In mental accounting there are three main components to this theory. The three of them are as follows and may affect the individuals preferences as follows:
This is a function that represents gains and looses with respect to some reference point. In rational behavior theory, it would predict that an individual gains some sort of utility in a gain situation and inversely a same amount of disutility for the same size loss. In mental accounting however, this does not hold true in that individuals typically show contrasting behavior. Value function states that in gains individuals typically view their gains in a concave function to which it displays diminishing marginal returns and in losses it is convex showing increasing marginal returns.
It also implies that people are risk adverse in gains and risk seeking in losses. Individuals can be seen to segregate gains but integrate losses. This may affect the individual in this question by the way she feels about the situation at hand. If she feels that she is ‘loosing out’ on entertainment, she may consequently take income out of her necessity, which is viewed as ‘gains’ and allocate it towards entertainment since there is more to be gained with a loss situation since there is increasing marginal returns, where as will loose less by taking away a little bit of gains because of decreasing marginal returns.
This component implies that through a transaction people get utility from the value of the good but also through the value of the transaction. This meaning that the individuals value how they have been treated in terms of being fair or not. In the question, the individual may feel like she has been “ripped off” when buying overpriced food and consequently enacts some sort of reciprocity towards the food, and shifts more income allocation towards that of entertainment.
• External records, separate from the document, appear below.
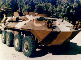 Features: The LAV-L is an all-terrain, all-weather vehicle with night capabilities. It is air transportable via C-130, C-141, C-5 and CH-53 E. When combat loaded there are 200 ready rounds and 800 stowed rounds of 7.62mm ammunition. There are 8 ready rounds and 8 stowed rounds of smoke grenades. The vehicle can be made fully amphibious within 3 minutes.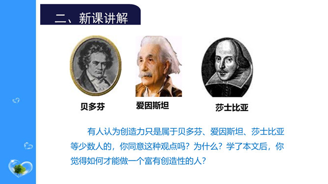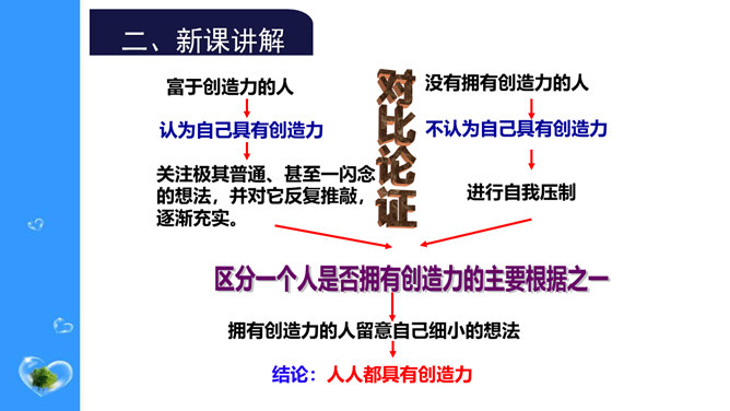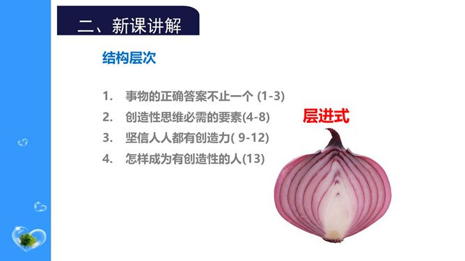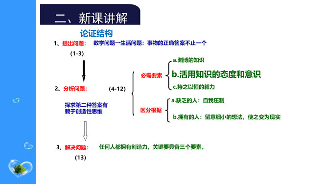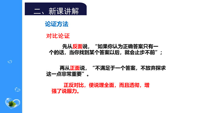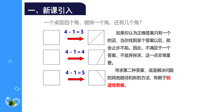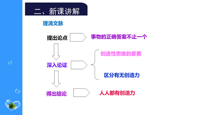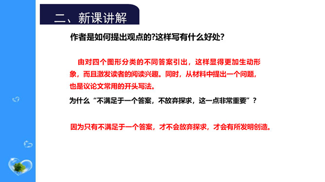 1、事物的正确答案为什么不止一个?2、本文主要论述的是什么问题?作者为什么要从“事物的正确答案不止一个”谈起?3、根据议论文的结构特点,理清文章层次。作者是如何提出观点的?这样写有什么好处?由对四个图形分类的不同答案引出,这样显得更加生动形象,而且激发读者的阅读兴趣。同时,从材料中提出一个问题,也是议论文常用的开头写法。为什么“不满足于一个答案,不放弃探求,这一点非常重要”?因为只有不满足于一个答案,才不会放弃探求,才会有所发明创造。围绕“事物的正确答案不止一个”这一观点,作者阐述了哪几个问题?所属专题:谈创造性思维ppt。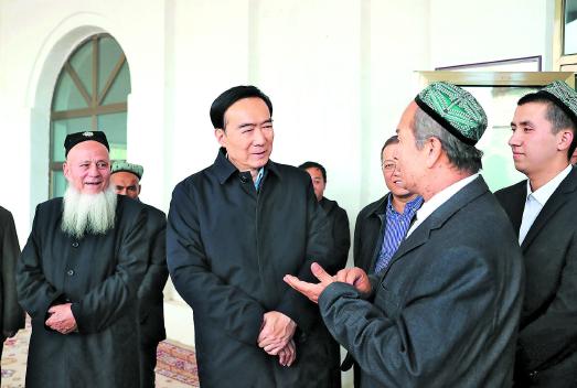 11月8日,自治區(qū)黨委書記陳全國(guó)在吐魯番市調(diào)研。 這是陳全國(guó)在高昌區(qū)紅星片區(qū)戈壁社區(qū)清真寺了解宗教活動(dòng)開展情況。崔志堅(jiān)攝

Fungibility is the thought that money has no labels and that people do not associate money with anything specific. In mental accounting this does not hold true. People will often give names to the money they have in hand. An example is a savings account and a credit card. Although people have an outstanding balance on their credit card and enough money in their savings account to cover it, they will not spend it due to the fact the money is labeled as savings. Relating to the question, the individual may need some extra necessity, but since the extra money is associated with her entertainment, she may be reluctant to spend the money on the necessities.